06/15/2026 | News release | Distributed by Public on 06/15/2026 09:39
Si è conclusa il 10 giugno, presso l'Aula Magna della sede Lingotto del Politecnico di Torino, la Challenge 2026 del Master HumanAIze, sviluppata in collaborazione con il Museo Egizio di Torino e coordinata da Danilo Pesce, docente di Strategy & Organization presso il Dipartimento di Ingegneria Gestionale e della Produzione-DIEGP e membro del Comitato Scientifico del Master. L'iniziativa ha coinvolto 24 studenti e studentesse, organizzati in quattro team multidisciplinari, chiamati a confrontarsi con una sfida concreta: comprendere come le tecnologie di intelligenza artificiale possano contribuire a trasformare l'esperienza del pubblico nei musei, rendendo più accessibile la conoscenza prodotta dalla ricerca scientifica senza sostituire il ruolo degli esperti.
La challenge, dal titolo "AI, Digital Heritage and Public Experience: Re-thinking Museum Fruition through AI-Augmented Research Infrastructures", si è sviluppata nell'arco di otto settimane, durante le quali i team hanno analizzato casi internazionali di applicazione dell'AI nei musei, si sono confrontati con esperti e curatori del Museo Egizio e hanno sviluppato concept, use case e prototipi per ripensare il rapporto tra ricerca scientifica, patrimonio culturale e visitatori.
L'iniziativa si inserisce nel percorso del Master HumanAIze, promosso dalla Scuola di Master e Formazione Permanente del Politecnico di Torino e dall'Università degli Studi di Torino per iniziativa dell'Associazione STEM by Women. Il Master nasce per formare figure capaci di operare all'intersezione tra competenze umanistiche, sociali e tecnologiche, con un focus specifico sull'intelligenza artificiale e sulle sue implicazioni etiche, sociali, organizzative, culturali e giuridico-istituzionali.
"La challenge con il Museo Egizio rappresenta bene l'identità del Master HumanAIze: un percorso interateneo pensato per formare profili ibridi, capaci di attraversare linguaggi, metodi e prospettive diverse - sottolineano Andrea Bottino e Viviana Patti, coordinatori del Master HumanAIze per il Politecnico di Torino e l'Università degli Studi di Torino - HumanAIze affronta l'intelligenza artificiale non solo come ambito tecnologico, ma come fenomeno progettuale, culturale e organizzativo, che richiede il dialogo tra saperi umanistici, competenze digitali, istituzioni e società".

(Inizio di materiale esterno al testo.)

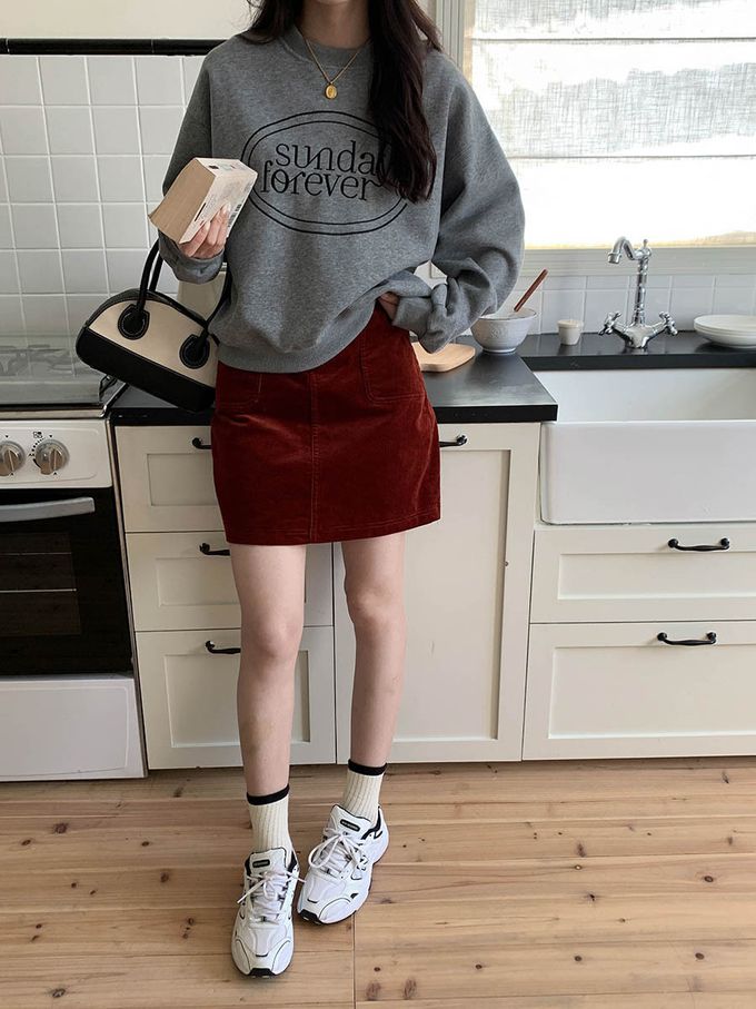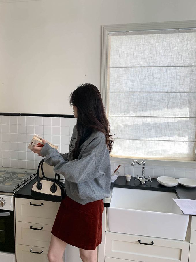 3th Morning - 圓領長袖上衣/大學T-sunday forever-灰色 (F)

"HumanAIze nasce dall'esigenza di integrare competenze umanistiche, sociali e tecnologiche in un percorso formativo capace di preparare professionisti ad affrontare le trasformazioni introdotte dall'intelligenza artificiale - sottolinea Matteo Milani, Vicerettore per la Didattica dell'Università degli Studi di Torino - La challenge con il Museo Egizio rende concreto questo obiettivo: gli studenti non applicano soltanto strumenti digitali, ma imparano a interrogarsi sulle implicazioni culturali, sociali ed etiche dell'AI in un contesto reale e ad alto valore pubblico".

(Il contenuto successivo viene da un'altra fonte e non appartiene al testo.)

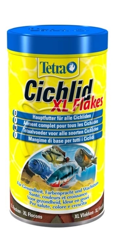 Tetra Cichlid XL Flakes е висококачествена храна за цихлиди и други едри декоративни рибки. Храната е лесно смилаема. Съдържа мастни киселини, източник на енергия за рибката, имуностимулатори и витамини за по-голяма устойчивост към болести и добавки, които подсилват естествените цветове.
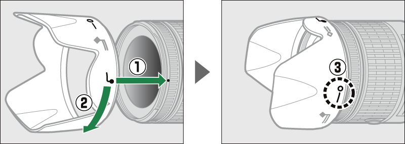 ) vastavalt joonisele q ning pöörake seejärel päikesekaitset (w) kuni märgi ● joondumiseni objektiivi päikesekaitse lukustusmärgiga (—○).
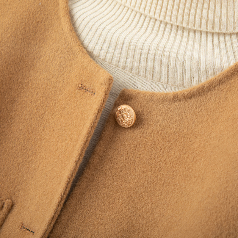 秋冬新款双面羊绒大衣女短款圆领气质宽松大码小个子羊毛呢子外套

A fare da punto di partenza per il lavoro dei team è stato ME-Scripta, il programma con cui il Museo Egizio sta realizzando una delle più avanzate infrastrutture digitali per lo studio della cultura scritta dell'Antico Egitto. Il progetto integra digitalizzazione ad alta risoluzione e multispettrale di papiri e manoscritti, ambienti collaborativi per la ricerca scientifica, strumenti di AI per il riconoscimento, il confronto e la connessione di corpora frammentati e dispersi, nonché l'evoluzione delle piattaforme di gestione dei dati verso nuove architetture potenziate dall'intelligenza artificiale.

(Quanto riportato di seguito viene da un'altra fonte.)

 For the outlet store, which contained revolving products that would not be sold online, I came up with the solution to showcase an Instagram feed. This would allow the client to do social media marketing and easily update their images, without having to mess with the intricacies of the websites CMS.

Partendo da questa infrastruttura di ricerca in evoluzione, i team sono stati chiamati a immaginare nuove modalità per rendere il patrimonio scritto dell'Antico Egitto più accessibile e comprensibile al pubblico, valorizzando al tempo stesso i processi di ricerca, le diverse interpretazioni e i margini di incertezza che caratterizzano la costruzione della conoscenza scientifica.